Non sono sicuro se si dice qui "mal portato, mal comportato" o "portato/comportato male"

Perche' si utilizza il verbo "portare" (=porter, in francese)

Posso utilizzare il verbo "condurre" qui?


----------



## Alxmrphi

Sei sicuro che in italian si usa il verbo "portare" come sinomino di "comportare".
Oppure dato che si usa _'porter'_ in francese ti fa pensare che in italiano si userebbe 'portare' ?

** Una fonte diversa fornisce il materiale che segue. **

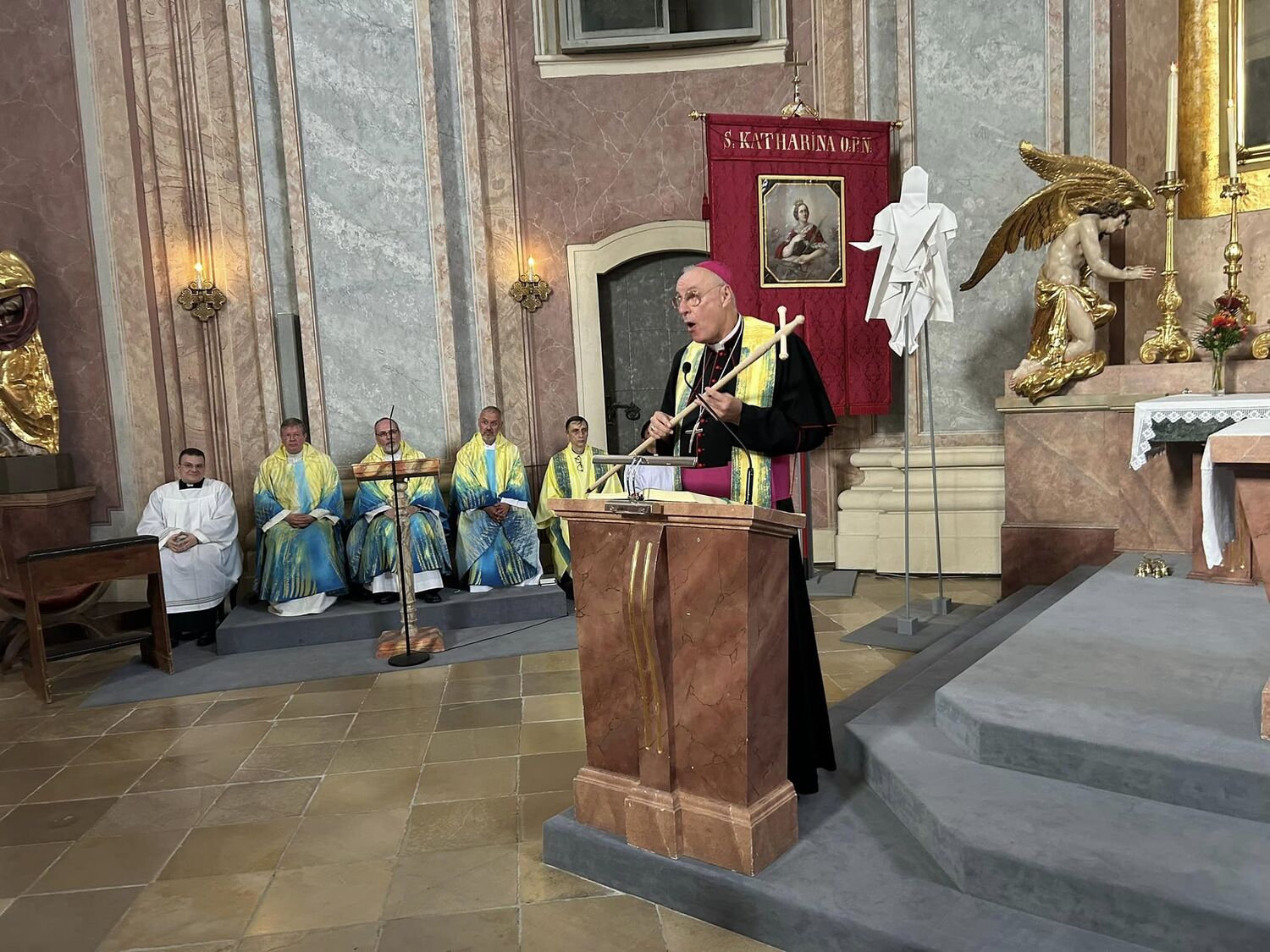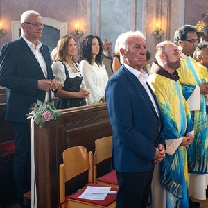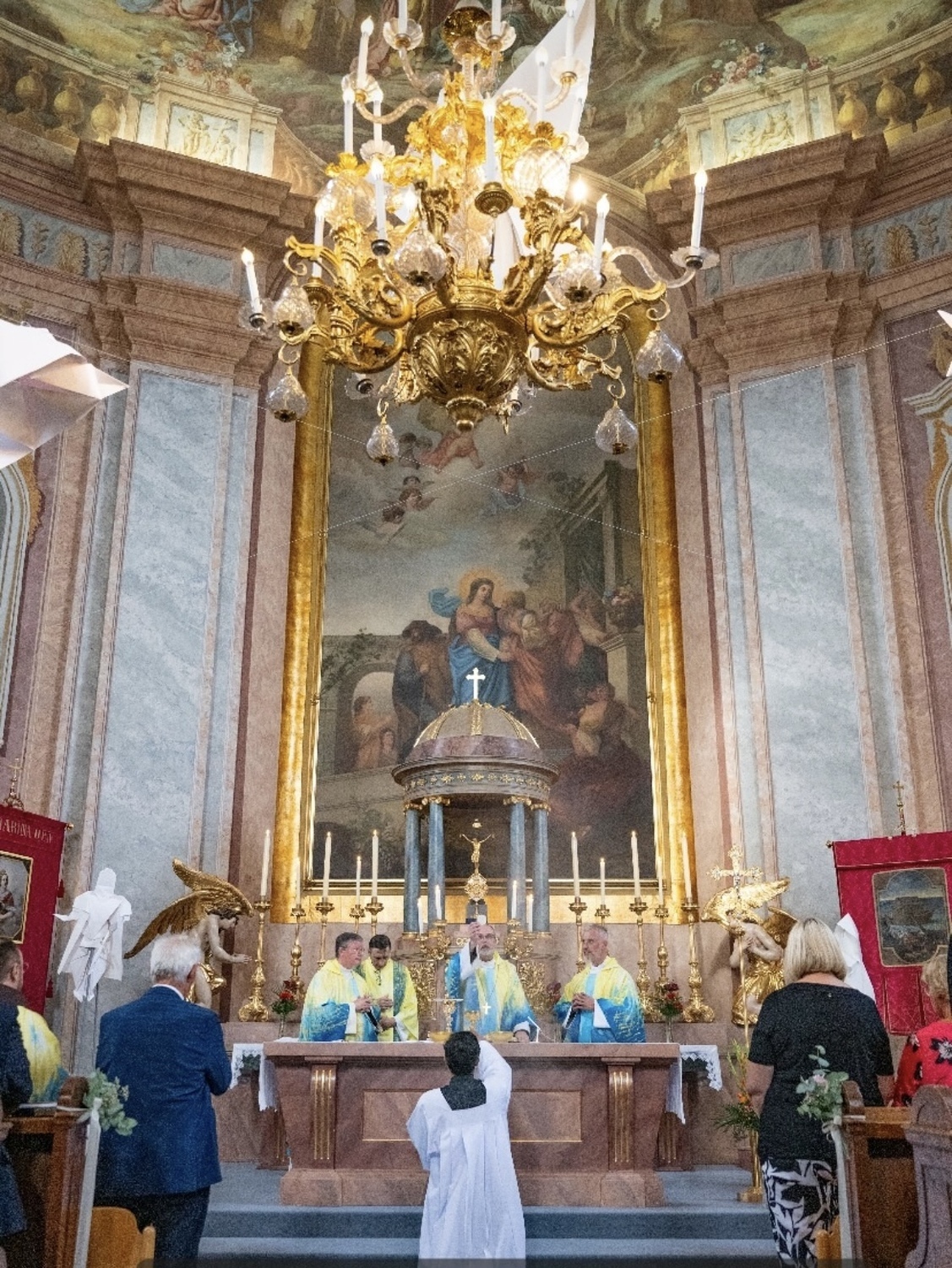 Hauptamtliche Mitarbeiter, sowie die Pfarrgemeinderäte der beiden Pfarren - angeführt durch die beiden Kuratoren Hans Skarits und Kerstin Kosky - übergaben symbolisch die Kirchenschlüssel und brachten Wein und Brot zur Feier der Eucharistie. Zahlreiche Ordensfrauen und -Männer, Priester, der Regens des Wiener Priesterseminars, Redemptoristenpatres, Vertreter der Stadt (Bürgermeister, Vizebürgermeisterin und Amtsleiterin), Mitglieder des "Lazarus-Orden", sowie viele Mitarbeiterinnen und Mitarbeiter der Pfarren waren bei der Feier anwesend; der Chor der Haydnkirche gestaltete musikalisch den Gottesdienst; anschl. wurde von der Pfarre Oberberg zur Agape eingeladen.

La tua frase in francese non contiene 'porter', ma 'comporte', allora ero un po' incerto dove c'entra 'portare', ma forse qualcuno piu' in grado di me possa spiegartelo..
Per quanto ne so io, 'condurre' non viene usato in questo senso, ma bensi' in un senso che ha a che fare con la gestione di qualcosa, e anche come la parola inglese con cui ha le prime cinque lettere in comune ma finisce in *-ct*


----------



## Schrodinger's_Cat

In francese non si usa "porter" in questo contexto. Si usa "comporter".
Ma in Italiano, si usa "portare" e "comportare"
E "portare" significa "porter"

Ma si dice "mi sono condotto bene/male," non e' vero?


----------



## Alxmrphi

Ahh, non sapevo che gli italiani usino 'portare' come 'comportare'.


----------



## Schrodinger's_Cat

Aspettiamo la verificazione degl' Italiani.


----------



## stella_maris_74

Ciao ragazzi 



> - Ti sei mal portato!
> - Ti sei mal comportato!
> 
> Non sono sicuro se si dice qui "mal portato, mal comportato" o "portato/comportato male"
> 
> "mi sono condotto bene/male,"




Non mi risulta che "portare" si possa usare come "comportarsi", e in ogni caso la frase francese in oggetto in italiano sarebbe: ti sei comportato male!

Spero di essere stata utile!

dani


----------



## Schrodinger's_Cat

Ciao Dani,

Grazie tante per il tuo aiuto.


----------